Source code in src/lrdbench/interfaces.py

class BaseGenerator(ABC):
    """Abstract base for synthetic time-series generators.

    Each generator produces a :class:`SeriesRecord` from a parameter dictionary
    and an optional seed. The ``family`` property is the registry key used in
    manifest ``source`` blocks (e.g. ``fGn``, ``ARFIMA``).
    """

    @property
    @abstractmethod
    def family(self) -> str:
        """Registry key for this generator (e.g. ``'fGn'``, ``'ARFIMA'``)."""
        raise NotImplementedError

    @property
    @abstractmethod
    def version(self) -> str:
        """Human-readable version string for provenance tracking."""
        raise NotImplementedError

    @abstractmethod
    def generate(
        self,
        *,
        record_id: str,
        params: Mapping[str, Any],
        seed: int | None,
        manifest_id: str | None,
    ) -> SeriesRecord:
        """Generate a single synthetic record.

        Args:
            record_id: Stable identifier for the record.
            params: Generator-specific parameters (e.g. ``{'H': 0.75, 'n': 1024}``).
            seed: Optional RNG seed for reproducibility.
            manifest_id: Manifest identifier to embed in provenance.

        Returns:
            A fully populated :class:`SeriesRecord` including truth and provenance.
        """
        raise NotImplementedError

`family` `abstractmethod` `property` ¶

Registry key for this generator (e.g. 'fGn', 'ARFIMA').
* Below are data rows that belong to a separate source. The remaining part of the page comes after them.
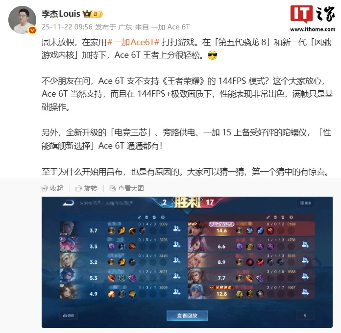 值得一提的是,《王者荣耀》目前正在逐步开放 144Hz 极致帧率。参考IT之家此前报道,iQOO 15 全球首发王者荣耀原生 144FPS + 极致画质,目前一加 15、荣耀 GT Pro 等机型也已官宣适配。此外,一加 Ace 6T 手机也将支持《王者荣耀》144 帧模式。
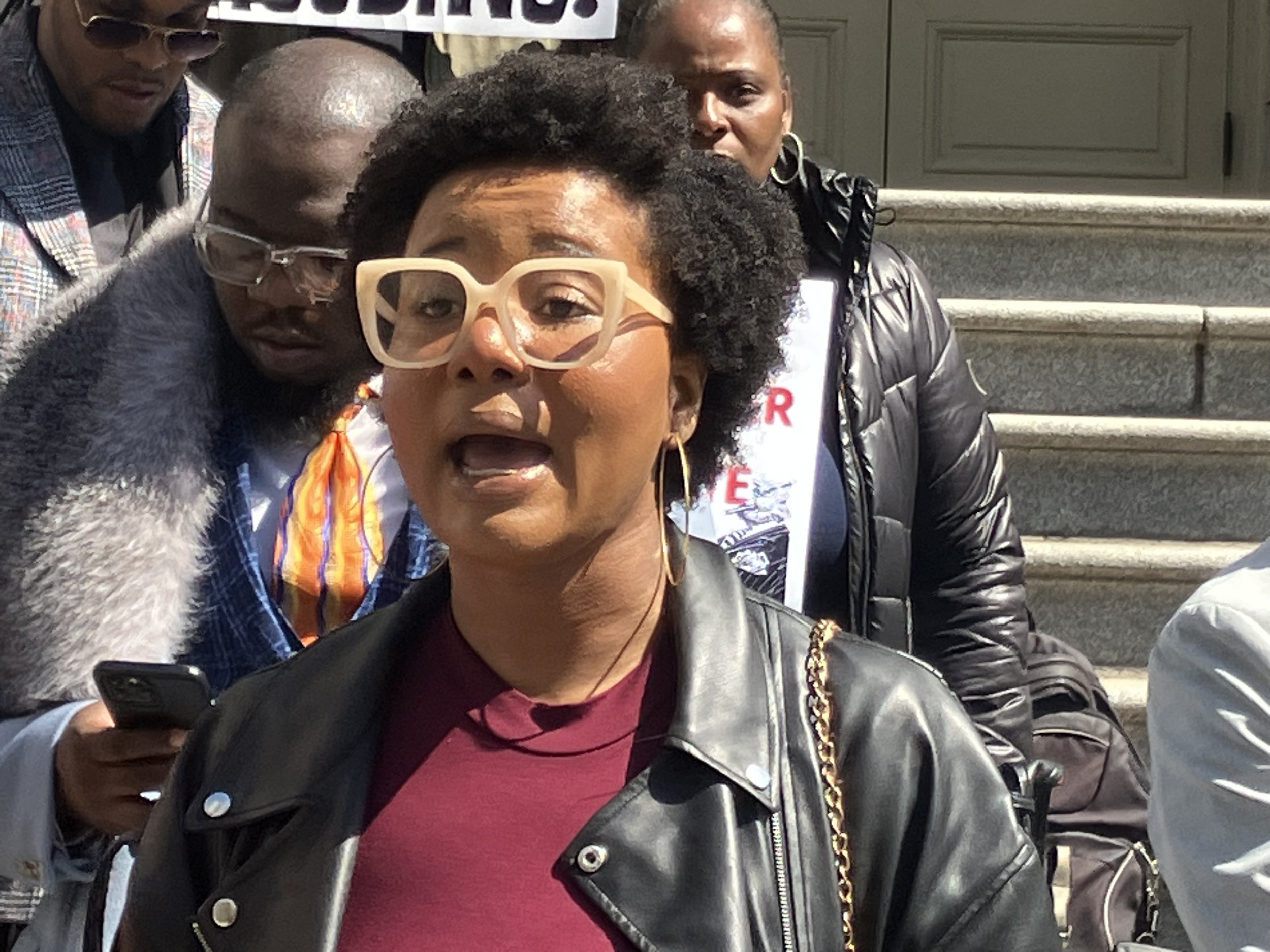 If on cue at one point during Friday’s rally on the City Hall steps—Cea Weaver, head of the Mayor’s Office to Protect Tenants, attempted to skirt by the demonstrators unnoticed.
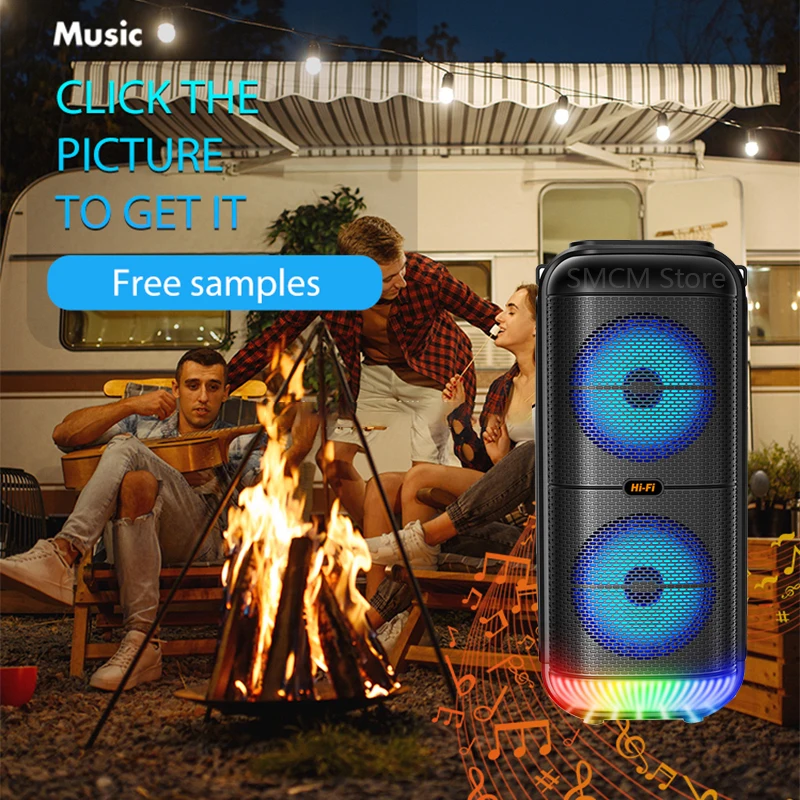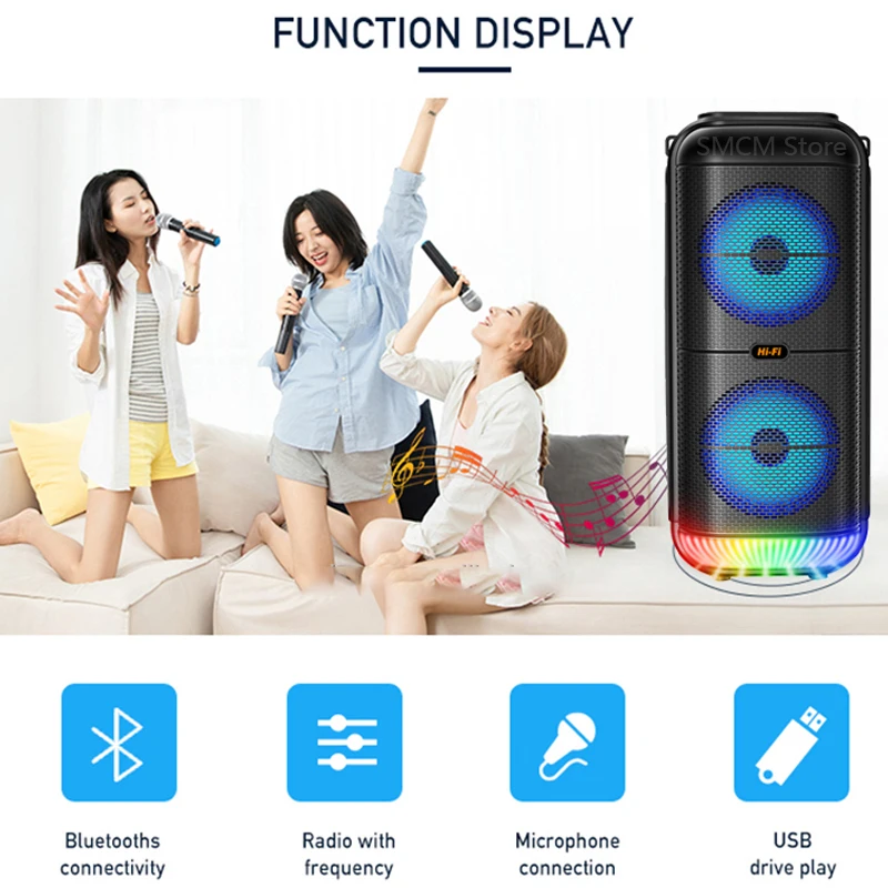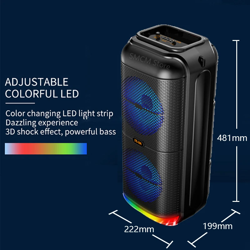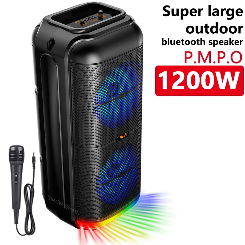 Peak Power 1200W Super Large Outdoor Bluetooth Speaker 6 Inch Double Horn Subwoofer Portable Wireless Column Bass Sound with Mic

`version` `abstractmethod` `property` ¶

Human-readable version string for provenance tracking.

`generate(*, record_id, params, seed, manifest_id)` `abstractmethod` ¶

Generate a single synthetic record.

Parameters:

Name	Type	Description	Default
`record_id`	`str`	Stable identifier for the record.	required
`params`	`Mapping[str, Any]`	Generator-specific parameters (e.g. `{'H': 0.75, 'n': 1024}`).	required
`seed`	`int \| None`	Optional RNG seed for reproducibility.	required
`manifest_id`	`str \| None`	Manifest identifier to embed in provenance.	required

Returns:

Type	Description
`SeriesRecord`	A fully populated :class:`SeriesRecord` including truth and provenance.
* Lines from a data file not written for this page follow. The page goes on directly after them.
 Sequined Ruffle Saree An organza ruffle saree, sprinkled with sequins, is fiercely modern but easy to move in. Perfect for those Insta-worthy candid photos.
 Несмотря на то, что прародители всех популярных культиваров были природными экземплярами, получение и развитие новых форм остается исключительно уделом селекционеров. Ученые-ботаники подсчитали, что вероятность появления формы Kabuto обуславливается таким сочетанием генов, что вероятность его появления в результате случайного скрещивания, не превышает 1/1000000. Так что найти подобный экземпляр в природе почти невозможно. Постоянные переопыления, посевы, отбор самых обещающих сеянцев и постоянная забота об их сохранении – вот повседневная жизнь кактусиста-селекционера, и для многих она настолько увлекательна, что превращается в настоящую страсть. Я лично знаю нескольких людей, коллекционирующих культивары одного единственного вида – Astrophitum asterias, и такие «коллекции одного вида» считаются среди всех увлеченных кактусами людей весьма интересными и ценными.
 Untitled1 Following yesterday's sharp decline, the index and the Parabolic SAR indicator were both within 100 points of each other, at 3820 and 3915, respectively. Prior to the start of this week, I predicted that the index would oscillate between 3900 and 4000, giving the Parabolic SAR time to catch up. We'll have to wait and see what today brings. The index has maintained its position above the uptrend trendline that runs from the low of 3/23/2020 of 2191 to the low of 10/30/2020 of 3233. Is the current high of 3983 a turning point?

Source code in src/lrdbench/interfaces.py

@abstractmethod
def generate(
    self,
    *,
    record_id: str,
    params: Mapping[str, Any],
    seed: int | None,
    manifest_id: str | None,
) -> SeriesRecord:
    """Generate a single synthetic record.

    Args:
        record_id: Stable identifier for the record.
        params: Generator-specific parameters (e.g. ``{'H': 0.75, 'n': 1024}``).
        seed: Optional RNG seed for reproducibility.
        manifest_id: Manifest identifier to embed in provenance.

    Returns:
        A fully populated :class:`SeriesRecord` including truth and provenance.
    """
    raise NotImplementedError

Bundled temporal estimators¶

`lrdbench.estimators.temporal.RSEstimator` ¶

Bases: BaseEstimator

Rescaled-range Hurst proxy with optional block-bootstrap CIs.

Parameters read from params:

n_bootstrap (int, default 200) – number of bootstrap replicates.
bootstrap_block_len (int, default max(4, n//10)) – block length.
ci_levels (list, default [0.95]) – nominal coverage levels.
min_scale (int, default 8) – minimum R/S subseries length.
max_scale (int, optional) – maximum R/S subseries length.
scale_ratio (float, default 1.5) – geometric scale spacing.
use_anis_lloyd_correction (bool, default False) – if True, divide each scale's average R/S value by the Anis-Lloyd white-noise expectation before fitting the slope, then add the 0.5 white-noise baseline back to the fitted slope.

Source code in src/lrdbench/estimators/temporal.py

class RSEstimator(BaseEstimator):
    """Rescaled-range Hurst proxy with optional block-bootstrap CIs.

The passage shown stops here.